Downstairs and I barely recognized anyone. It was like the mothership had touched down in my absence and reclaimed the pods. Dizzy Bloom had tangled her hair into a complicated bun. Her face was different, too. Dark lipstick and round little steel-framed glasses. They were much nicer than Ray’s glasses. She wore jeans and a black cardigan sweater and she was reading a newspaper, a cup of tea or coffee in her left hand. The swirl of steam around her face. There was a plate of bagels on the table and now she put down her coffee and reached for the cream cheese. A young man with a very serious posture sat across from her, smoking an unfiltered cigarette and staring intently at the screen of a laptop computer. Thin blond hair pulled into a severe ponytail and no jewelry. Expensive white dress shirt with cuffs buttoned, dark green twill pants and black shoes. If I was not mistaken, this was Mingus. His eyes were bright and not the least bit psychotic as he smiled and held out his hand.

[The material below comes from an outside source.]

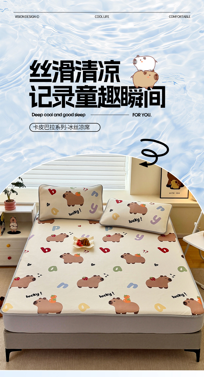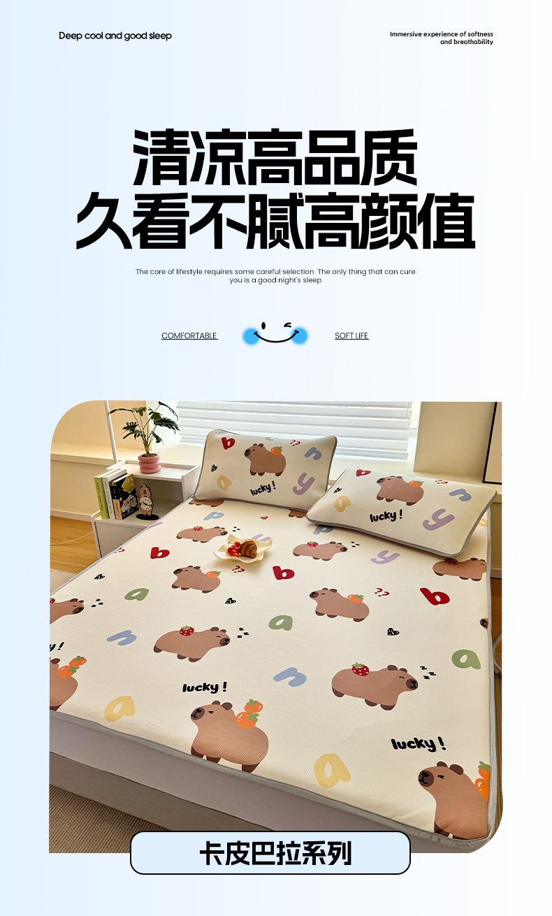 • 91家纺网 家纺一手货源 找家纺 蘭菲家纺 2025新款凉感丝卡皮巴拉凉席 皮小萌

Hello, said Mingus. I don’t think we’ve met. I’m Matthew Roar.

Okay, I said. I’m Phineas.

We shook hands and I looked as far as I could into the man’s face, his mouth and eyes. There was no hint that this was part of the game.

And you know my wife, I believe. Dizzy Bloom, he said.

You two are married, I said.

Dizzy smiled, a cruel flash. I kept my maiden name, she said.

Uh-huh.

I looked sideways and saw Eve. And I knew her, I recognized her. I had seen her in multiple incarnations and this was but another one. She wore black boots and white stockings and a silky black skirt with a thin blue sweater that she must have borrowed from Dizzy because the skirt was sexy but much too collegiate and the sweater was a little too small. There was a white line of flesh at her hips between sweater and skirt and the sleeves were too short. Her hair was tucked behind her ears and she held a coffee mug in both hands. She was blowing on it with pale puckered lips, staring at me.

You look nice, I said.

She flinched. Thanks.

I went to the stove and poured myself a cup of coffee that was hot and black as death and smelled of cinnamon and chicory. I sipped it carefully as Dizzy picked up a pencil and began to examine the crossword. Matthew was bent over his laptop, which now made a happy chirping sound to indicate that he had mail. I nodded. Dizzy and Matthew were not fucking kidding about this game of tongues. Their characters were so divorced from their real identities that they were probably going slowly but surely clinical. But I had a feeling they knew it was over. They must. Their friend had died in their kitchen last night and they were calmly eating bagels and cream cheese and they were probably sorry they had no smoked salmon to offer us but their worlds were going to crash soon. The cops were coming and I was tempted not to warn them. Eve came over to stand next to me.

Do you have a cigarette, she said.

I gave her one. I want you to come downtown with me, I said.

Okay. Why?

I have an errand to run. And I don’t think you want to be here.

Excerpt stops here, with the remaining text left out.